EROFS 文件系统刚提交了压缩去重特性提升压缩率,一起来看下。

rolling hash 基础

dedup 用到了 rolling hash,先了解下。

wikipedia 的定义是:

A hash function is any function that can be used to map data of arbitrary size to fixed-size values.

A rolling hash (also known as recursive hashing or rolling checksum) is a hash function where the input is hashed in a window that moves through the input.

举个例子理解下:

字串查找中使用 rolling hash,如查找字串 abcd 中长度为 3 个字符的子串 abc 和 bcd, base 是 10。

子串 abc 的 hash 值:

H(abc) => a*(10^2) + b*(10^1) + c*(10^0)
= 97*100 + 98*10 + 99*1 = 10779

子串 bcd 的 hash 值:

H(bcd) => b*(10^2) + c*(10^1) + d*(10^0)
= 98*100 + 99*10 + 100*1 = 10890

留意到 abc 和 bcd 有重复的 bc,可以利用之前的 H(abc) 推导出 H(bcd),也就是:

H(bcd) => (b*(10^1) + c*(10^0))*10 + d*(10^0)
H(bcd) => (H(abc) - a*(10^2))*10 + d*(10^0)
= (10779 - 97*100)*10 + 100*1 = 10890

BTW: 为了避免 H() 值太大溢出,有个 mod 运算(by prime number),这里忽略。

从 input(abc) 到 input(bcd) 的变化就是丢了 a 加了 d,可以把 input 看成一个 window (这里长度是3个字符),从 abc 到 bcd 可以看作这个 window 在滚动,滚动步长是1个字符。

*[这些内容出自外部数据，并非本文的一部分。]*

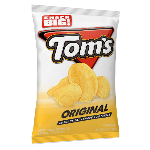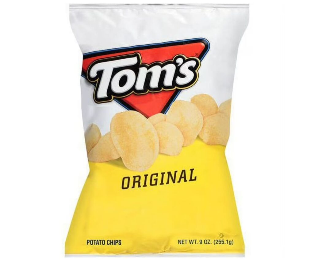 Tom’s products are widely available in grocery stores, convenience stores, vending machines, and online retailers across the United States.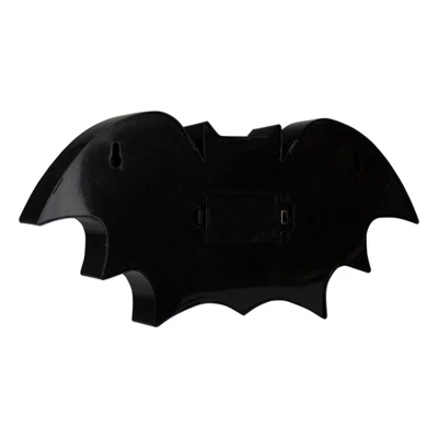 Add some light to your Halloween decor with this illuminated marquee sign. It features a spooky bat and will be sure to send a chill down your spine. Great for parties or use as a nightlight. Product Features:Illuminated by 11 LED lightsColor: warm white bulbsOne-sided designLED lights use up to 80% less energy Bulbs stay cool to the touchRequires (2) AA size batteries; not includedConvenient on/off switch on the backComes ready-to-hang with keyhole hooks on the backRecommended for indoor decorative use onlyDimensions: 4″H x 12″W x 1″DMaterial(s): plastic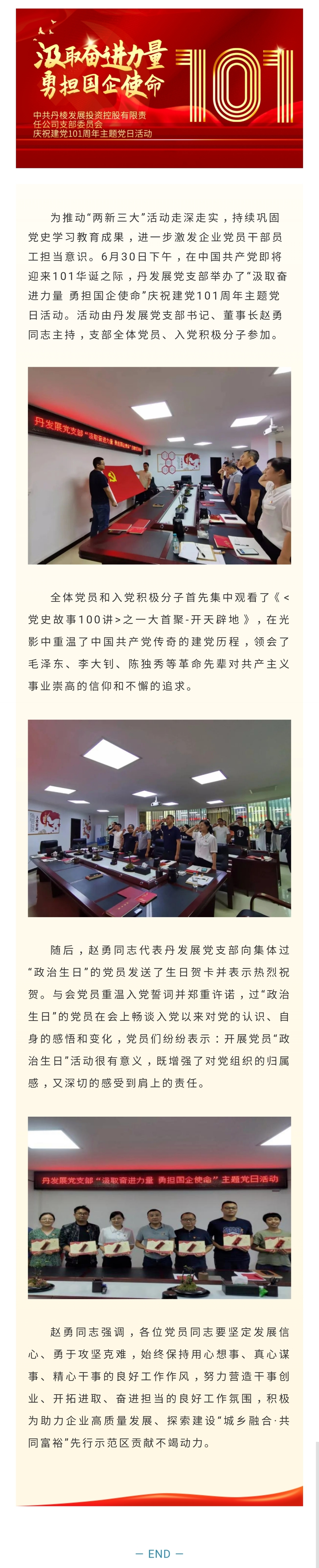 中共丹棱發(fā)展投資控股有限責(zé)任公司支部委員會“汲取奮進力量 勇?lián)鷩笫姑睉c祝建黨101周年主題黨日活動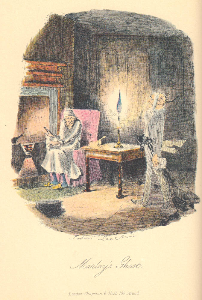 Scrooge is well and truly alone. He has his solitary meal in a nearby tavern. He returns to his solitary home—only to find, in the door knocker, the image of the face of his former partner, Jacob Marley, who had died seven years ago that very night. Later, the sounds of chains and bells echo through the house, and Marley’s Ghost, laden with chains and shackles like a purgatorial spirit, enters his room. Scrooge, frightened but still skeptical, calls it all “humbug”—until Marley nearly frightens Scrooge out of his wits and forces his attention. Marley has come for a purpose: to induce Scrooge to change his selfish ways before it is too late, before the chain that Scrooge has been forging for so many years becomes unbearably long and heavy. To effect this, Scrooge is to be visited by three Spirits that night—the night of Christmas Eve into Christmas morning.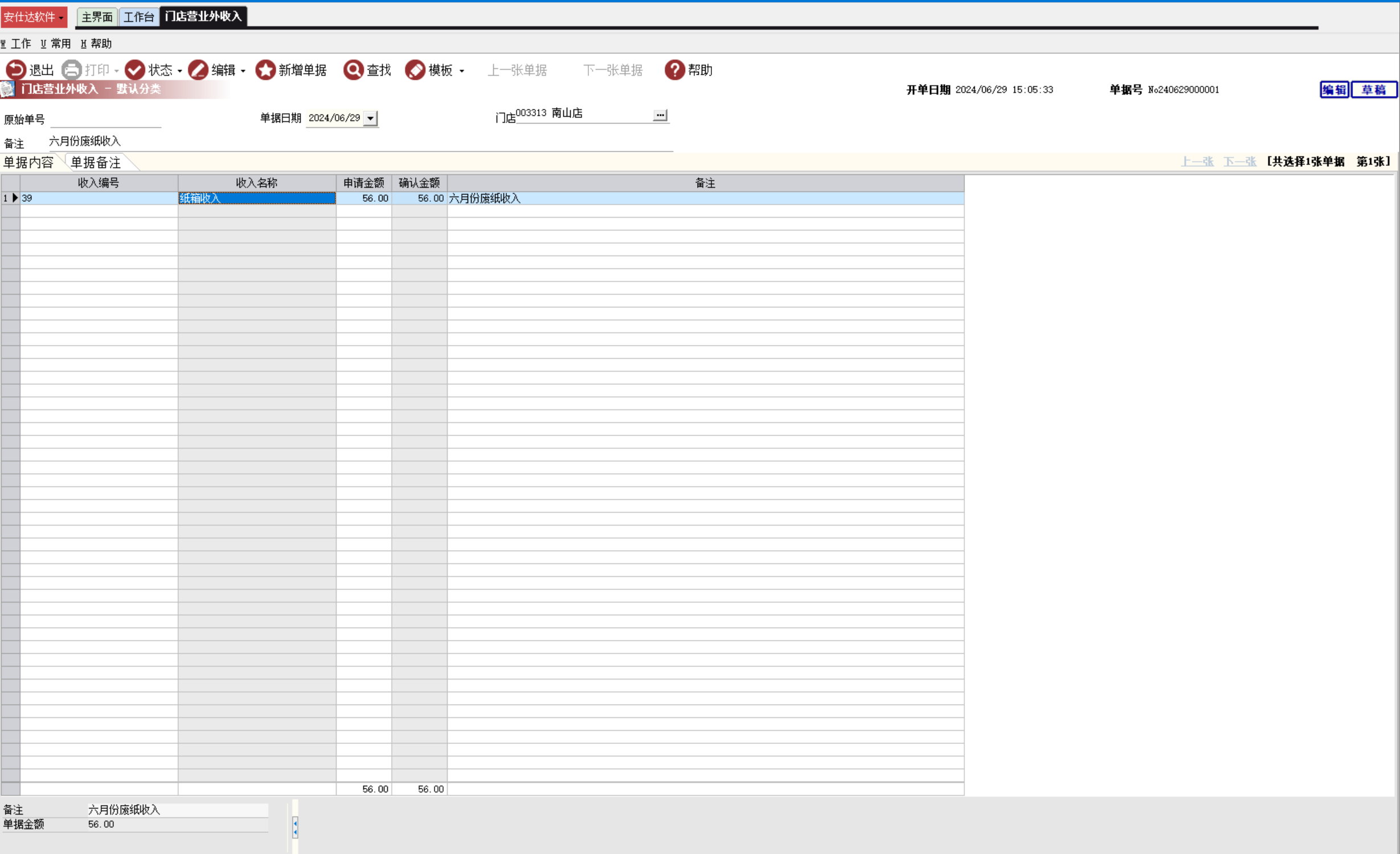 安仕达软件 发布时间: 2024-12-31 门店营业外收入 一、功能简介用于做营业外收入单据二、功能路径财务管理-->门店利润-->门店营业外收入 三、功能详情 操作流程:1、新增单据2、录入单据备注3、录入费用项目4、填写项目金额5、点状态,点审核; 提交反馈 上一页 门店营业外收入确认 下一页 月度费用分摊

rt?

所以,rolling hash 就是为了在计算字串 hash 值时避免 hashing 整个串, 因为利用之前算得的 old hash 值,所以 new hash 值算的很快。它是基于 hash 做的一种场景优化,rt?

来看 erofs-utils 的实现 rolling_hash.h。

因为 hash value 定义了 long long(8bytes) 型,所以为了防止溢出 PRIME_NUMBER 定义成了最大值。

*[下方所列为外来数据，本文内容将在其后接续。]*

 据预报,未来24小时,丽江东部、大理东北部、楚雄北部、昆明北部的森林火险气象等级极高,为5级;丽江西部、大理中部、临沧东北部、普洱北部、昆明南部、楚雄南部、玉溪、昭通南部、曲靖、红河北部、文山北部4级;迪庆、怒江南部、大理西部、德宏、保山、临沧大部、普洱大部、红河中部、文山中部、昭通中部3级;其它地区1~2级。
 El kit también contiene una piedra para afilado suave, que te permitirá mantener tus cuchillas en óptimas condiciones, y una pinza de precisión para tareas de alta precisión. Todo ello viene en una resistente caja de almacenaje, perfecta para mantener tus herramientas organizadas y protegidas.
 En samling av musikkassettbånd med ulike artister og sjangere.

#define PRIME_NUMBER    4294967295LL
#define RADIX 256

RADIX 是 256(2^8),为啥。。。

static inline long long erofs_rolling_hash_init(u8 *input,
int len, bool backwards)
{
long long hash = 0;

if (!backwards) {
int i;

for (i = 0; i < len; ++i)
hash = (RADIX * hash + input[i]) % PRIME_NUMBER;
} else {
while (len)
hash = (RADIX * hash + input[--len]) % PRIME_NUMBER;
}
return hash;
}

就是 H() 的实现加个方向。

rolling hash 的计算:

static inline long long erofs_rolling_hash_advance(long long old_hash,
unsigned long long RM,
u8 to_remove, u8 to_add)
{
long long hash = old_hash;
long long to_remove_val = (to_remove * RM) % PRIME_NUMBER;

hash = RADIX * (old_hash - to_remove_val) % PRIME_NUMBER;
hash = (hash + to_add) % PRIME_NUMBER;

/* We might get negative value of hash, converting it to positive */
if (hash < 0)
hash += PRIME_NUMBER;
return hash;
}

还是拿上面的例子来说,old_hash 就是 H(abc),to_removeto_add 相当于 a 和 d。

(old_hash - to_remove_val) 就是 H(abc) - a*(10^2), 所以这个 RM 就是 10^2,也就是针对 input window 的常量是多少,因为用作移除 (remove),那就是 RM 喽。 所以,RM 的计算是:

static inline long long erofs_rollinghash_calc_rm(int window_size)
{
int i;
long long RM = 1;

for (i = 0; i < window_size - 1; ++i)
RM = (RM * RADIX) % PRIME_NUMBER;
return RM;
}

red-black tree 基础

除了用到 rolling hash, 压缩去重还用到了红黑树,let’s take a look.

wikipedia 相关定义:

a red-black tree is a kind of self-balancing binary search tree. Each node stores an extra bit representing “color” (“red” or “black”), used to ensure that the tree remains balanced during insertions and deletions.

红黑树是一种自平衡二叉查找树。

a self-balancing binary search tree (BST) is any node-based binary search tree that automatically keeps its height (maximal number of levels below the root) small in the face of arbitrary item insertions and deletions.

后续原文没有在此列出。